→ **EXERCISE DESCRIPTION**
Copy out exactly the lines from the one with "Tojásos nokedli gombapaprikással" through the last line of the listing below, both included, but none of the pictures.

→ **DATA BELOW**
----------

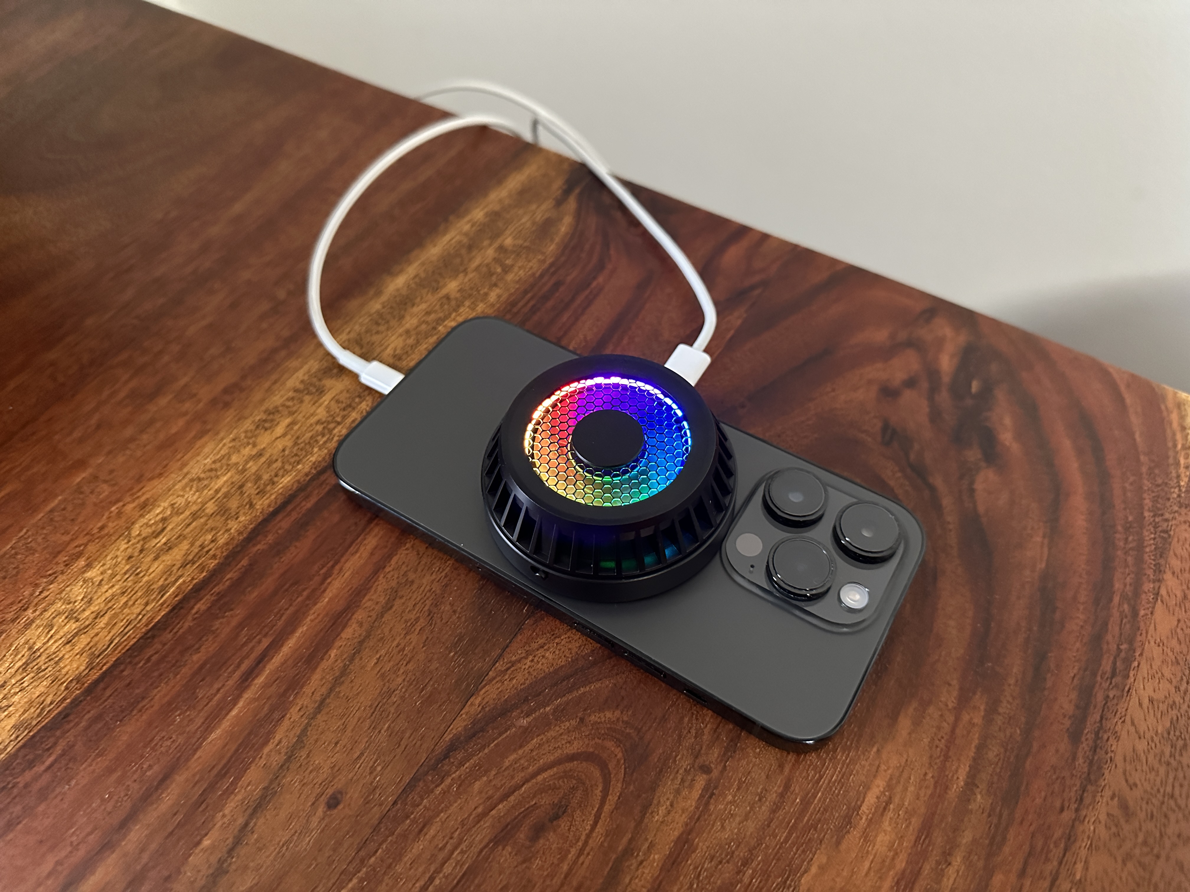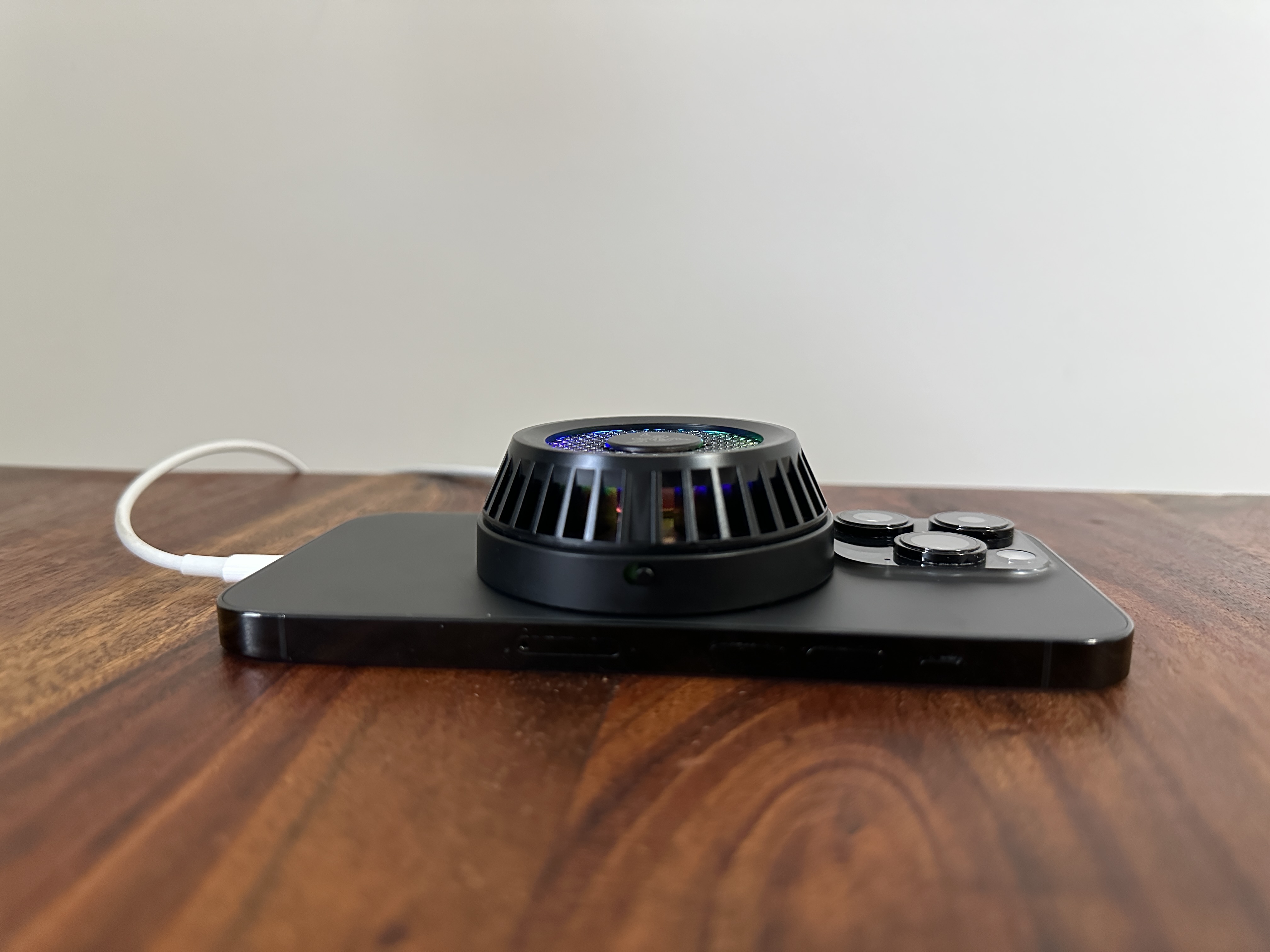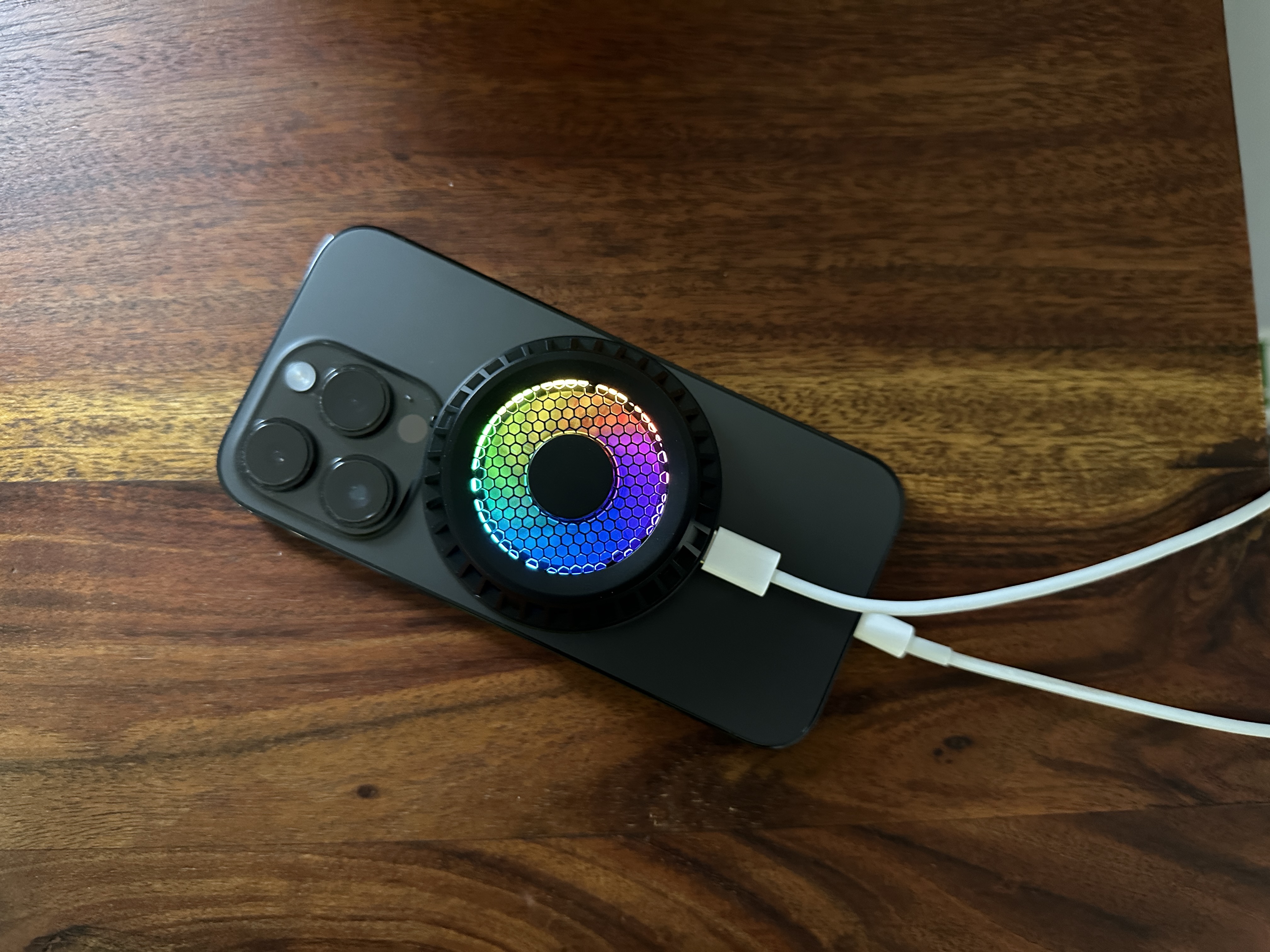 Samotný Phone Cooler se připevní magnetem k MagSafe vašeho teleofonu, ovšem jak sami tušíte, tak iPhone nemá revezní nabíjení, a Cooler nemá pro změnu baterii. Tedy aby se větráček točil, je nutné jej mít neustále připojený kabelem k nabíječce a to pomocí USB-C kabelu. V tom by nebyl nijak zásadní problém, stejně totiž od vaší MagSafe nabíječky vede kabel a tak se vlastně nic nemění oproti běžnému nabíjení pomocí MagSafe, říkáte si. No, jen je tu taková drobnost a to fakt, že Phone Cooler nemá v sobě  zabudovanou bezdrátovou nabíječku. Vy tedy připevníte větráček k telefonu a aby se točil, tak jej připojíte kabelem k nabíječce, ovšem tento kabel slouží jen k točení větráčku. Aby se telefon nabíjel, musíte do něj zapojít starý dobrý Lightning kabel a strčit jej do nabíječky.
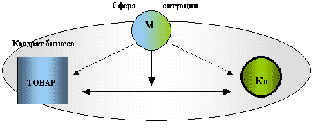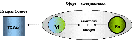 Здесь мотиватор выведен из квадрата Бизнеса. Мотиватор выступает КОНТАКТЕРОМ, заинтересованным в том, чтобы между ним и Клиентом возник взаимный интерес. А для этого он проявляет интерес к Клиенту. «Сначала я пойму, чего хочет Клиент и дам ему это, а потом он в благодарность отдаст мне то, чего хочу я» - логика подобного рода коммуникации.
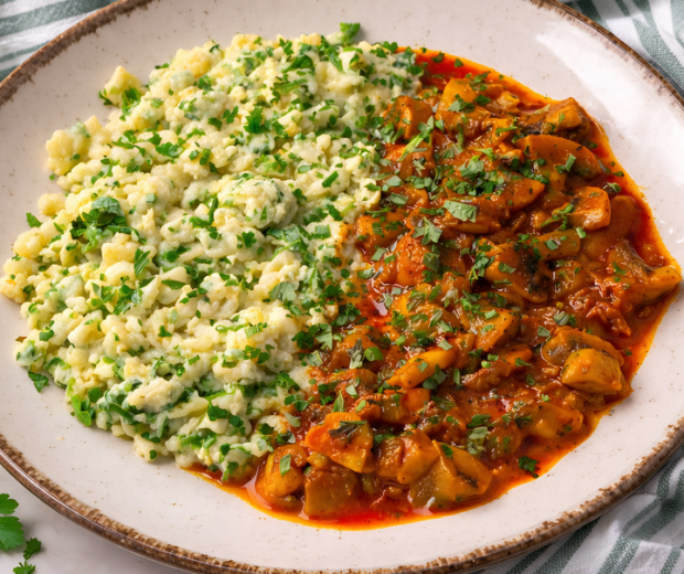 Tojásos nokedli gombapaprikással
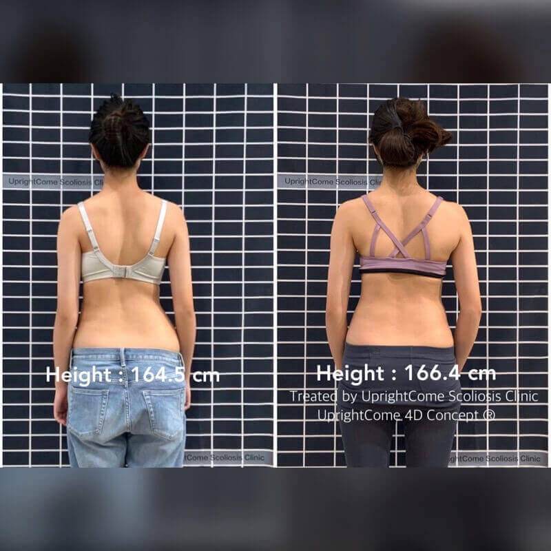 每天都很認真練習,她那份堅持讓團隊佩服,隨著外觀體態一點一滴的改變,在 10 次治療後,長高近 2 公分, 腰椎側彎角度從 51 度改善至 35 度,脊椎側彎嚴重度也從重度側彎降為中度側彎。 女孩媽媽感動的說:「 每次回診都是不好的結果,只有這次是笑著出來。」

----------

→ **WRITTEN SOLUTION**
 Tojásos nokedli gombapaprikással
 每天都很認真練習,她那份堅持讓團隊佩服,隨著外觀體態一點一滴的改變,在 10 次治療後,長高近 2 公分, 腰椎側彎角度從 51 度改善至 35 度,脊椎側彎嚴重度也從重度側彎降為中度側彎。 女孩媽媽感動的說:「 每次回診都是不好的結果,只有這次是笑著出來。」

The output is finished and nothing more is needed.